Notably, oxidative stress underlying PAH phenotype is formed by cooperation between hyper acetylation of cyclophilin a (CypA) with downregulation of antioxidant superoxide dismutase 3 (SOD3) (Napoli et al., 2019). On the other side, scientists have found out that some epigenetic modifications can worsen AH. For instance, the acetylation of H3K27ac (histone H3 lysine 27) by acetyl coenzyme A can create proper condition for the acetyltransferase KAT2B (lysine acetyltransferase 2B) and activation of genes that involve in cell cycle and metabolic events, that is, required for aldehyde dehydrogenase family 1 member 3 (ALDH1A3) - dependent proliferation and glycolysis. Finally, this activation leads to amplification of AH (Li D. et al., 2021) which we have displayed in Table 3.

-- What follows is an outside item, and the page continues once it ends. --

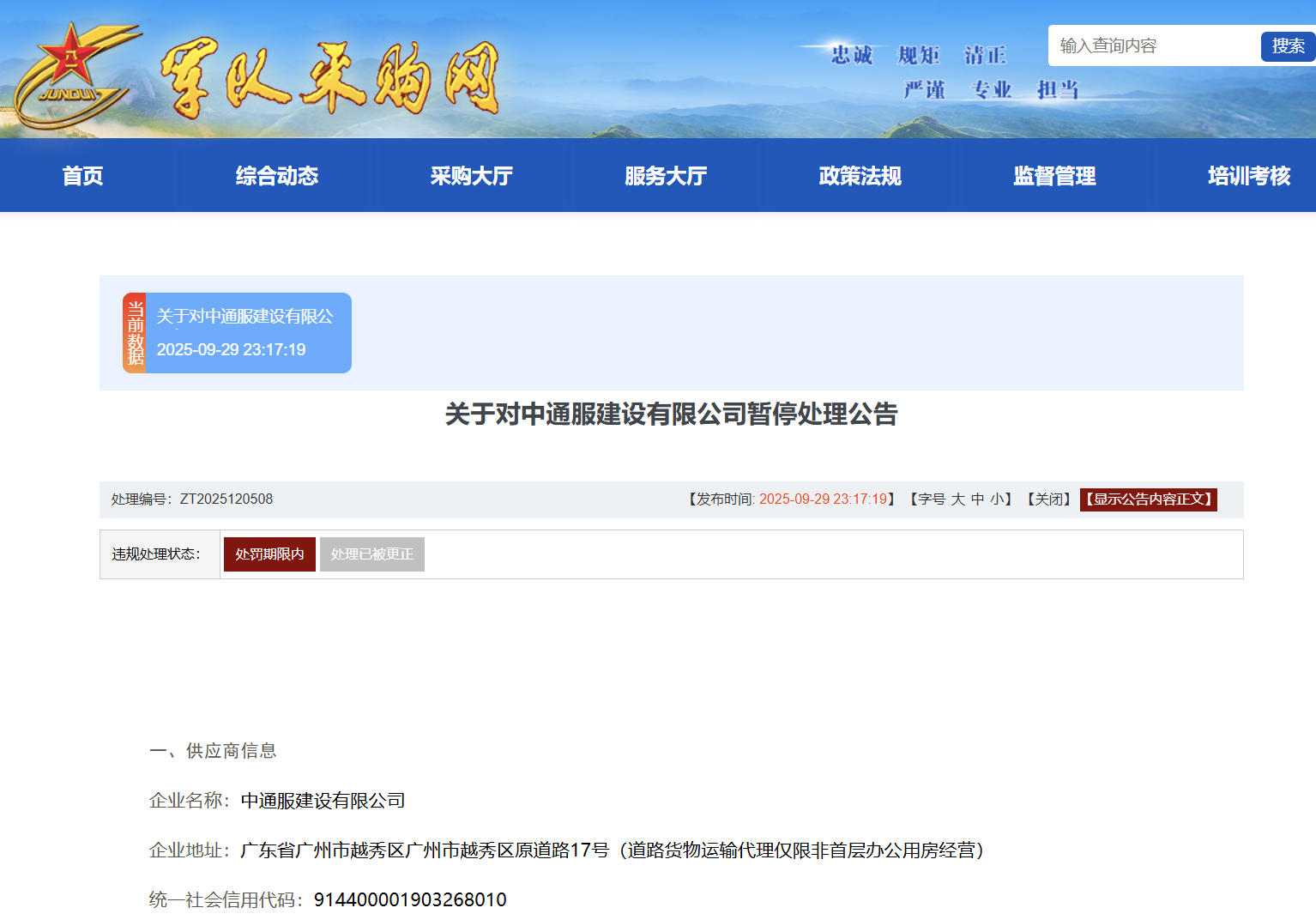 C114讯 10月14日消息(颜翊)近日,军采网发布了《关于对中通服建设有限公司暂停处理公告》。

Moreover, acetylation of peroxisome proliferator-activated receptor-γ coactivator 1α (PGC-1α) causes sustaining the vascular proliferation in the condition of PAH through downregulation of SIRT1 HDAC (histone deacetylase) (Napoli et al., 2019).
Besides, scientists have found that there is a connection between pulmonary arterial hypertension (PAH) in rat model and hyper methylation of RASEF. In this survey, the exposure of rats to smoking caused increase the level of hyper methylation in RASEF and occurrence of some changes including right ventricular hypertrophy, increasing the thickness right ventricular, and raising systolic blood pressure was observed. Notably, remarked research have conveyed that overespression of RASEF can inhibit AH through downregulation of phospho-AKT (Ser473), proliferating cell nuclear antigen (PCNA), and matrix metalloproteinase 9 (MMP9). Thereby, it is plausible that hyper methylation of RASEF exerts its role through upregulation of mentioned factors. Ultimately, this study endorsed the companionship between hyper methylation of RASEF and PAH (Li et al., 2019).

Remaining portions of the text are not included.